**SOURCE DATA**

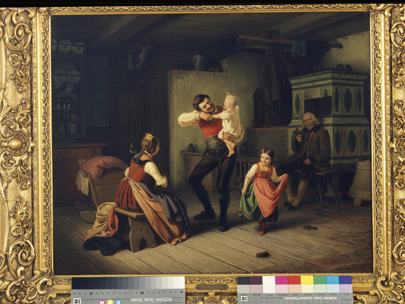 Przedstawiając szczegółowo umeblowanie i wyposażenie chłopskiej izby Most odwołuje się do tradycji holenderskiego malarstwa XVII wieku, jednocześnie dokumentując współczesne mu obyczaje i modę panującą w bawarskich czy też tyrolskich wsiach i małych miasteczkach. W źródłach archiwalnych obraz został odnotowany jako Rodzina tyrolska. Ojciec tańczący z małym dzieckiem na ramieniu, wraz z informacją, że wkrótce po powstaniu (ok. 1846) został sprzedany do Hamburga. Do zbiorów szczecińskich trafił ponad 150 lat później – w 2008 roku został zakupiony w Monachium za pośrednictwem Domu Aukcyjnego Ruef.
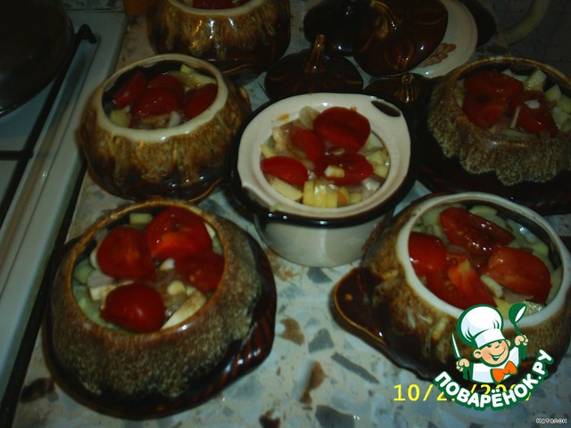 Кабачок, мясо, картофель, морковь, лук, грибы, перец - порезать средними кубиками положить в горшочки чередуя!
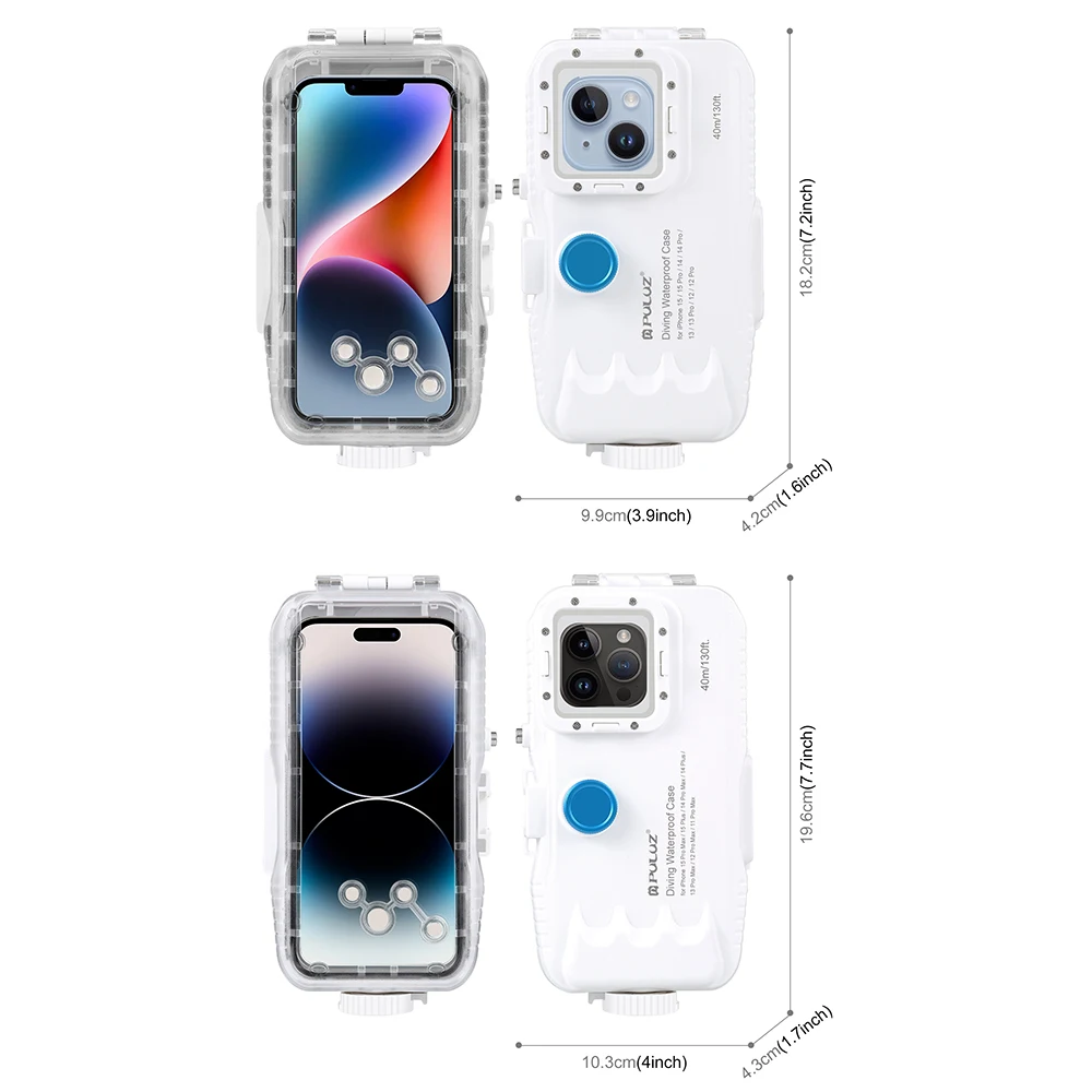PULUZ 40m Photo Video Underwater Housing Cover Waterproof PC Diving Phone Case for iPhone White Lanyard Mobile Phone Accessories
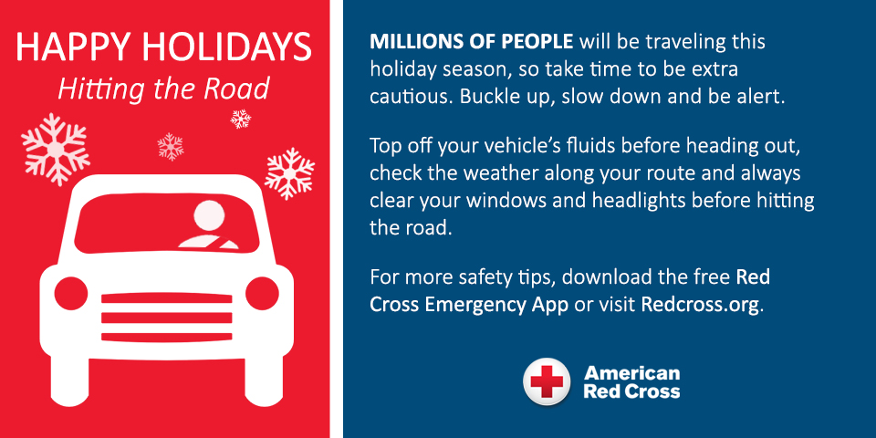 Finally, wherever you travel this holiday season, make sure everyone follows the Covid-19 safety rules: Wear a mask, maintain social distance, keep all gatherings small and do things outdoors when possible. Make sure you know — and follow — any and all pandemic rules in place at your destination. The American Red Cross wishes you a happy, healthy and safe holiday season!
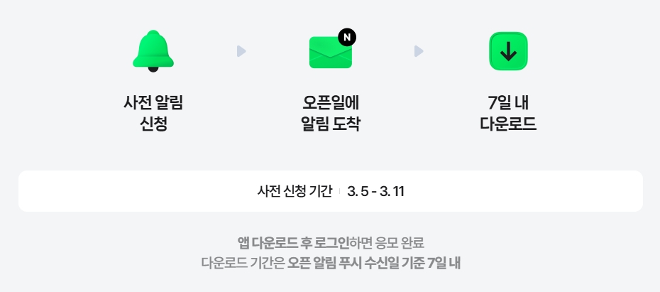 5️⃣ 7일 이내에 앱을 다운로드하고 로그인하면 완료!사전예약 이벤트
...
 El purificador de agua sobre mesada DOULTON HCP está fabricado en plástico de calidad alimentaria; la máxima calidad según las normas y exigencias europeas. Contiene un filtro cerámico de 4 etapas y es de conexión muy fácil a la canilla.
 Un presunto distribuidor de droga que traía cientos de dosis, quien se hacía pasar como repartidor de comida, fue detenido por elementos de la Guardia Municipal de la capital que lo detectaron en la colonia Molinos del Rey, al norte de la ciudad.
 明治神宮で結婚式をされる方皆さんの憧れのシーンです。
--
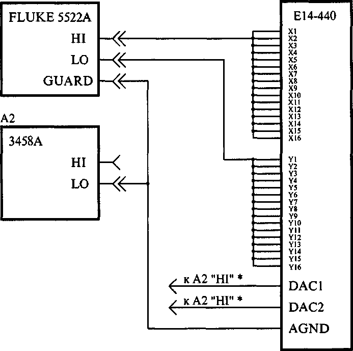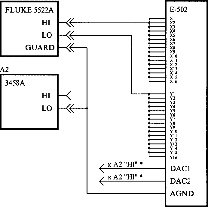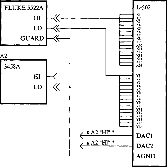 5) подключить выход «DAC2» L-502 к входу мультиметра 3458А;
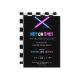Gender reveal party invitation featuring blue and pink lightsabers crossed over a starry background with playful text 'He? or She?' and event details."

**WORK TASK**
Above are the records; restate exactly the lines from the one containing "Кабачок, мясо, картофель, морковь, лук, грибы, перец" through the one containing "PULUZ 40m Photo", keeping pictures out.

**SOLVED PROBLEM**
 Кабачок, мясо, картофель, морковь, лук, грибы, перец - порезать средними кубиками положить в горшочки чередуя!
PULUZ 40m Photo Video Underwater Housing Cover Waterproof PC Diving Phone Case for iPhone White Lanyard Mobile Phone Accessories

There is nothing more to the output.